How to make sure, your user stories are relevant

How to make sure your user stories are relevant, we’re going to talk about why relevant user stories are so important, when you are playing BA role.

Ok, you are a Business Analyst, someone has asked you to write user stories for a planned change to your information technology application, being diligent and wanting to do it correctly you’ve also viewed our first two rules for effective user stories, so you already know rule 1; an effective user story is a simple sentence that does not contain conjunctions or limiting phrases. Rule 2; an effective user story emphasizes what the solution does not how it does it. Great! That’s how you express an effective user story but what about the content, what will make a good user story?

It’s time to discuss Rule three namely; an effective user story is relevant to the project. When you sit down to write your user stories you need to consider what the project will deliver.

In an agile environment the agile team will ask you to elaborate the story when they are ready to start coding which could be in a couple of months. In a conventional environment the business analyst will do the same but before publishing a business requirements document or BRD.

In the world of IT there are a couple of options for delineating what a project can and cannot do, what you’re looking for is something called a project charter or a project scope statement.

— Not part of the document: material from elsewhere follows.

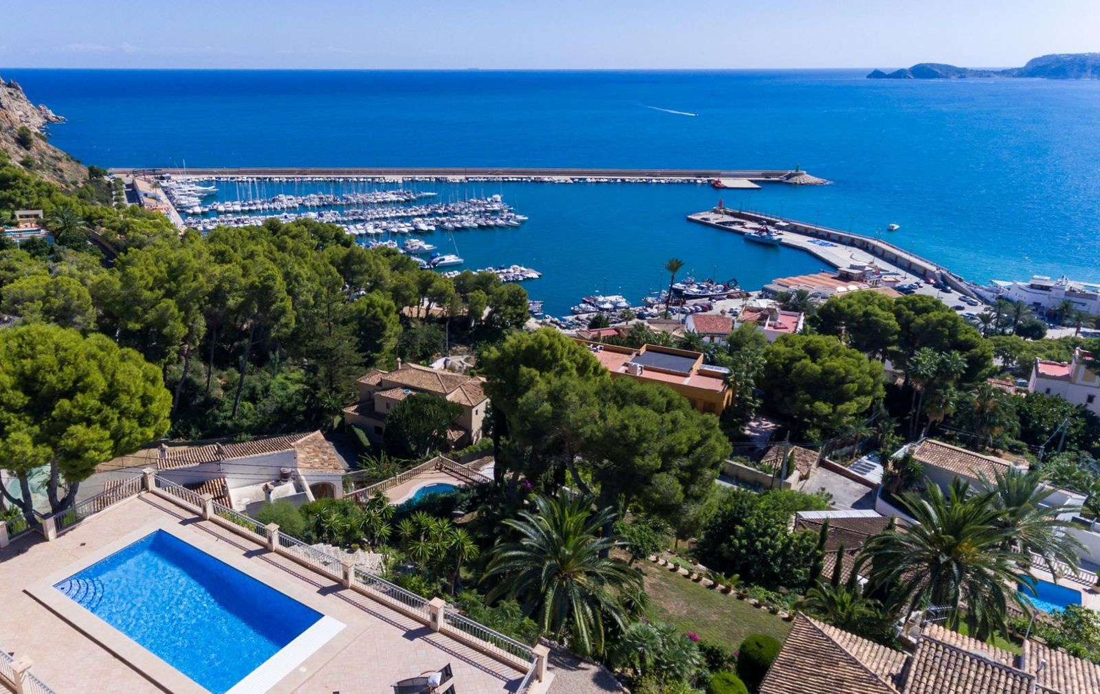 Deze villa is gelegen in Jávea, een kustplaats in de Marina Alta comarca van de provincie Alicante, aan de noordelijke Costa Blanca. De stad is strategisch gelegen tussen de Kaap van La Nao en de Kaap van San Antonio, beschermd door de Montgó Massif. Dit positioneert de locatie als een aantrekkelijke kustbestemming met een mix van natuurlijke schoonheid en stedelijke voorzieningen. Javea staat bekend om zijn populariteit bij internationale bewoners, wat resulteert in een cosmopolitische sfeer en een breed scala aan beschikbare diensten. De ligging biedt een balans tussen de rust van een kustplaats en de nabijheid van grotere steden zoals Denia.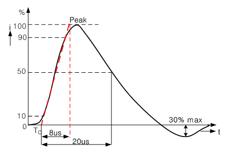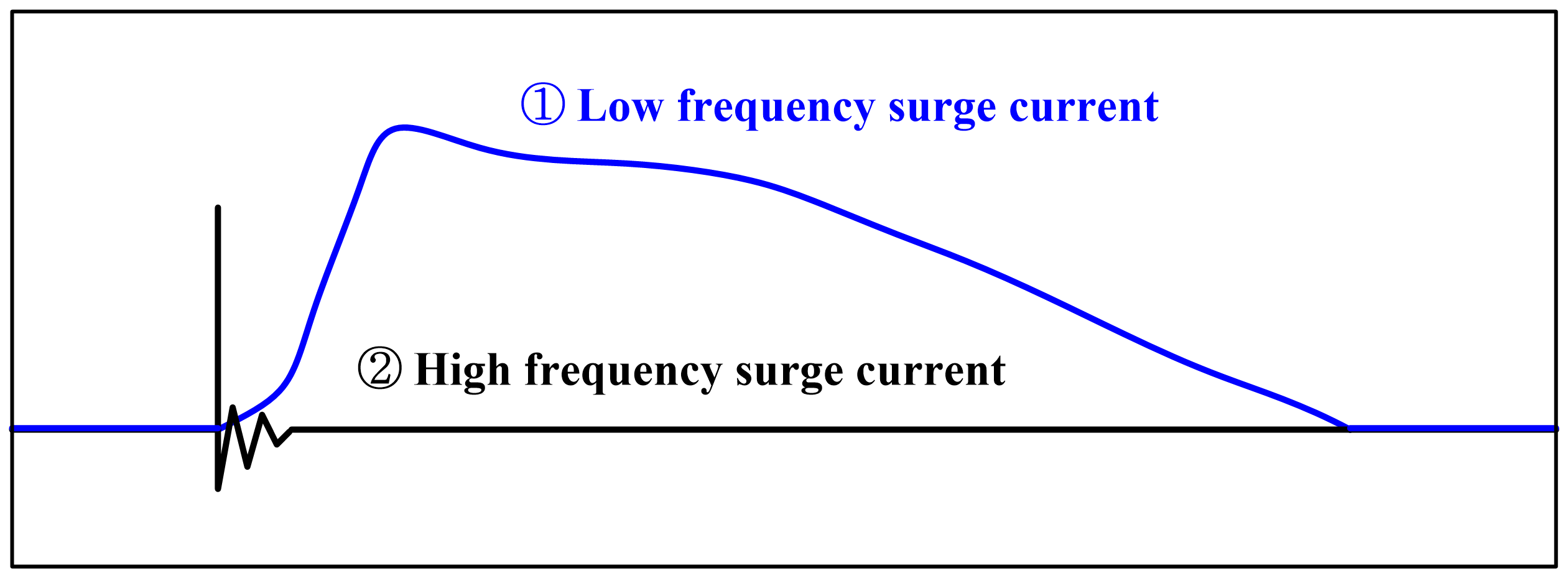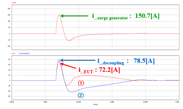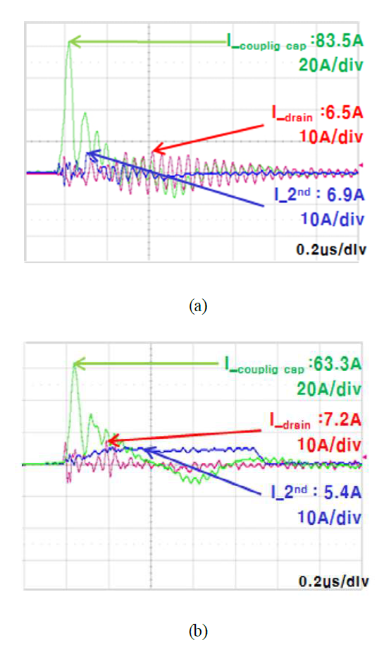 Fig. 26. Key surge current waveforms when the lightning surge is applied; (a) conventional

A project charter typically describes the project in general terms such as project scope, risk, assumptions, constraints etc…

As you can see either delineates your project from the project of the organization by establishing the boundaries for your project. Whereas the charter can be somewhat big, the scope statement typically specifies business processes, functions, organizational units, roles or jobs etc that the project might affect or influence, it can also specifically exclude certain components, example what the project will not do. The user stories you write have to fit in pretty much entirely inside the boundaries that the project charter or scope statement define to be relevant to the project.

To summarize, the third rule of effective user stories, an effective user story targets components that are relevant to the project and that it falls within the project charter or scope statement, defines something about the solution that the business community needs or wants and has a short tail, does not create a cascading effective changes that exceed the project’s authority. Keeping your user story relevant will save you and the project time and money and make you much more popular with the IT department and who knows where that could lead.